(PROVIDED DATA Opens)

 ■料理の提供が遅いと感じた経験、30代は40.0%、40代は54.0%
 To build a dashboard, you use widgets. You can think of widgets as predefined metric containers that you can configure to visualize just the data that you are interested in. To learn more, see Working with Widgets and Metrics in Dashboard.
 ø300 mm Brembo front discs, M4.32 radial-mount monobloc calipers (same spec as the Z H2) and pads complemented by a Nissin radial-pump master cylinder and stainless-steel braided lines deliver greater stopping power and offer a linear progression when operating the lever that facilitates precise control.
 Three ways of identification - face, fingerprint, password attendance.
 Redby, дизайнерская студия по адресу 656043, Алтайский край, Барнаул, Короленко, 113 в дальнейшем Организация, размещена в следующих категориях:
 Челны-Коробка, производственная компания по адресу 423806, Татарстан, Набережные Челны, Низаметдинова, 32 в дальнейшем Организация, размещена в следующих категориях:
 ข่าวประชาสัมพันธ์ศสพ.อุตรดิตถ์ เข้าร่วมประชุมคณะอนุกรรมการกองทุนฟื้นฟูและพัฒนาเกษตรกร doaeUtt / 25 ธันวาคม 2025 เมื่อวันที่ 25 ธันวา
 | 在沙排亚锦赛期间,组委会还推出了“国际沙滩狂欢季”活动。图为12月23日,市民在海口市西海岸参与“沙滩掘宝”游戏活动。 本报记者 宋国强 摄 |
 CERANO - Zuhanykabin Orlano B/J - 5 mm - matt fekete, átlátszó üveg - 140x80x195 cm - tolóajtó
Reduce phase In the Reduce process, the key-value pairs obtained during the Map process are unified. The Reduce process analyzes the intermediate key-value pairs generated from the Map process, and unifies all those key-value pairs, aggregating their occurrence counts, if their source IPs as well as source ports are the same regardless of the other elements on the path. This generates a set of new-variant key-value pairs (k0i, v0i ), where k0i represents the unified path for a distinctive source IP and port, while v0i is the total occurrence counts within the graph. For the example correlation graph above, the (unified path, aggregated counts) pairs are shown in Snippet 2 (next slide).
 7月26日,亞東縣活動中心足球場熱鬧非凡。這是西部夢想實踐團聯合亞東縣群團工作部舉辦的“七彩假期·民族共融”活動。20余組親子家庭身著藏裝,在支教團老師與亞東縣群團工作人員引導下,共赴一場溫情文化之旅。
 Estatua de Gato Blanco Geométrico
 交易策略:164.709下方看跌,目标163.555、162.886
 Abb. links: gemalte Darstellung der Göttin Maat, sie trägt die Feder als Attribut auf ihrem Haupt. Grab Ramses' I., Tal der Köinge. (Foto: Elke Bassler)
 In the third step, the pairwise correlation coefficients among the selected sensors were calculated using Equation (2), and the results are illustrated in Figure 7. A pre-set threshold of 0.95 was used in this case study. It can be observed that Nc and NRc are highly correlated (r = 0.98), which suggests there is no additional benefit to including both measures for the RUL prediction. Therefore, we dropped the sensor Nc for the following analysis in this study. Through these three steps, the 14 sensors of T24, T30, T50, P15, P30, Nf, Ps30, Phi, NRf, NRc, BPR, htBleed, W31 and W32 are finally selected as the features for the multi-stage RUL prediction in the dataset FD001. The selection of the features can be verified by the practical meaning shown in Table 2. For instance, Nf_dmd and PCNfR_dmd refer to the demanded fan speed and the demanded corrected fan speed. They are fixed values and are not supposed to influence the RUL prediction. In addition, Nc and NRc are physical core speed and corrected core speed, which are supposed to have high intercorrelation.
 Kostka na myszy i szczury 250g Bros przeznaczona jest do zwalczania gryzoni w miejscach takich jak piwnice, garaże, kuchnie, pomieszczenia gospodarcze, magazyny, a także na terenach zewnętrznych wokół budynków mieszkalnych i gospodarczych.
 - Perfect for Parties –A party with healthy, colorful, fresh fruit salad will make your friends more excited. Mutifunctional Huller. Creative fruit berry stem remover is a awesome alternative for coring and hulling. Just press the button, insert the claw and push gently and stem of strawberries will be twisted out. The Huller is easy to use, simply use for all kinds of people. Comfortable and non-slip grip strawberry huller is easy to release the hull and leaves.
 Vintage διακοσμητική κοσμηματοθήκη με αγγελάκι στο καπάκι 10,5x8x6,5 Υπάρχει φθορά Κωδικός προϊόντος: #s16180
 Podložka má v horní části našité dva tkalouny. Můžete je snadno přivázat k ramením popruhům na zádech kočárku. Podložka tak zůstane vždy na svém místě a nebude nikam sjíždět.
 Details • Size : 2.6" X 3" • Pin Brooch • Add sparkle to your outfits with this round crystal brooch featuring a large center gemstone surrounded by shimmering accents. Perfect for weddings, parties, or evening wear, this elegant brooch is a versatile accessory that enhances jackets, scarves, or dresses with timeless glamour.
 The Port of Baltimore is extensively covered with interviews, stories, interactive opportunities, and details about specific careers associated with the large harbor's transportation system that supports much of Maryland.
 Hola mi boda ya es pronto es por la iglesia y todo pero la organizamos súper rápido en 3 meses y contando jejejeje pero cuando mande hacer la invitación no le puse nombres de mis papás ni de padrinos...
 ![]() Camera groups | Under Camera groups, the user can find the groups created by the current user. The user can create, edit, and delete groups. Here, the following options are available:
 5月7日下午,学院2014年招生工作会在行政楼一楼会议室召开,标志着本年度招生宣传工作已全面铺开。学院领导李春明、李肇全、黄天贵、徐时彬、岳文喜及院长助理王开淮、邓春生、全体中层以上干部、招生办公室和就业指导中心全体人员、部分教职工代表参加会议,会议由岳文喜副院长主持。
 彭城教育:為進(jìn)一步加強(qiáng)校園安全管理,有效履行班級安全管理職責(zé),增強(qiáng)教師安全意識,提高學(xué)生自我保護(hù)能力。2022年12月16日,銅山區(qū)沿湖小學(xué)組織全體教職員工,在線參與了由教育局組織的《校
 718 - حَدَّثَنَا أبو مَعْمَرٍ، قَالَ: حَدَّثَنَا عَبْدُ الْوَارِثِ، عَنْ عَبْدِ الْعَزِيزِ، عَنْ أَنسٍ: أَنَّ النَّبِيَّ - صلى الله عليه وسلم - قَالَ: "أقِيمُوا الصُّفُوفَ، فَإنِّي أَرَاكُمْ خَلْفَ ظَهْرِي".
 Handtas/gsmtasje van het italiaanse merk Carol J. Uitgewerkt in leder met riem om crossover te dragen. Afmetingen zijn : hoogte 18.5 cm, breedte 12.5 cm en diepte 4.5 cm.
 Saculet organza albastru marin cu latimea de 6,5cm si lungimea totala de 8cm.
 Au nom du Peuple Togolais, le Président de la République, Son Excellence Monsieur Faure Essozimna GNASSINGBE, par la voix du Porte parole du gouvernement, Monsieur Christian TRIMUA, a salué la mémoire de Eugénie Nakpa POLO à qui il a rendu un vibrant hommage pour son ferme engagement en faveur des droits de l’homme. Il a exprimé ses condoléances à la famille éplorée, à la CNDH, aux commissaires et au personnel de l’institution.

(PROVIDED DATA Closes)

__WORK ITEM__
The lines to write out run from the one with "5月7日下午,学院2014年" through the end of the records. Give them exactly, and only them.

__RESPONSE AREA__
 5月7日下午,学院2014年招生工作会在行政楼一楼会议室召开,标志着本年度招生宣传工作已全面铺开。学院领导李春明、李肇全、黄天贵、徐时彬、岳文喜及院长助理王开淮、邓春生、全体中层以上干部、招生办公室和就业指导中心全体人员、部分教职工代表参加会议,会议由岳文喜副院长主持。
 彭城教育:為進(jìn)一步加強(qiáng)校園安全管理,有效履行班級安全管理職責(zé),增強(qiáng)教師安全意識,提高學(xué)生自我保護(hù)能力。2022年12月16日,銅山區(qū)沿湖小學(xué)組織全體教職員工,在線參與了由教育局組織的《校
 718 - حَدَّثَنَا أبو مَعْمَرٍ، قَالَ: حَدَّثَنَا عَبْدُ الْوَارِثِ، عَنْ عَبْدِ الْعَزِيزِ، عَنْ أَنسٍ: أَنَّ النَّبِيَّ - صلى الله عليه وسلم - قَالَ: "أقِيمُوا الصُّفُوفَ، فَإنِّي أَرَاكُمْ خَلْفَ ظَهْرِي".
 Handtas/gsmtasje van het italiaanse merk Carol J. Uitgewerkt in leder met riem om crossover te dragen. Afmetingen zijn : hoogte 18.5 cm, breedte 12.5 cm en diepte 4.5 cm.
 Saculet organza albastru marin cu latimea de 6,5cm si lungimea totala de 8cm.
 Au nom du Peuple Togolais, le Président de la République, Son Excellence Monsieur Faure Essozimna GNASSINGBE, par la voix du Porte parole du gouvernement, Monsieur Christian TRIMUA, a salué la mémoire de Eugénie Nakpa POLO à qui il a rendu un vibrant hommage pour son ferme engagement en faveur des droits de l’homme. Il a exprimé ses condoléances à la famille éplorée, à la CNDH, aux commissaires et au personnel de l’institution.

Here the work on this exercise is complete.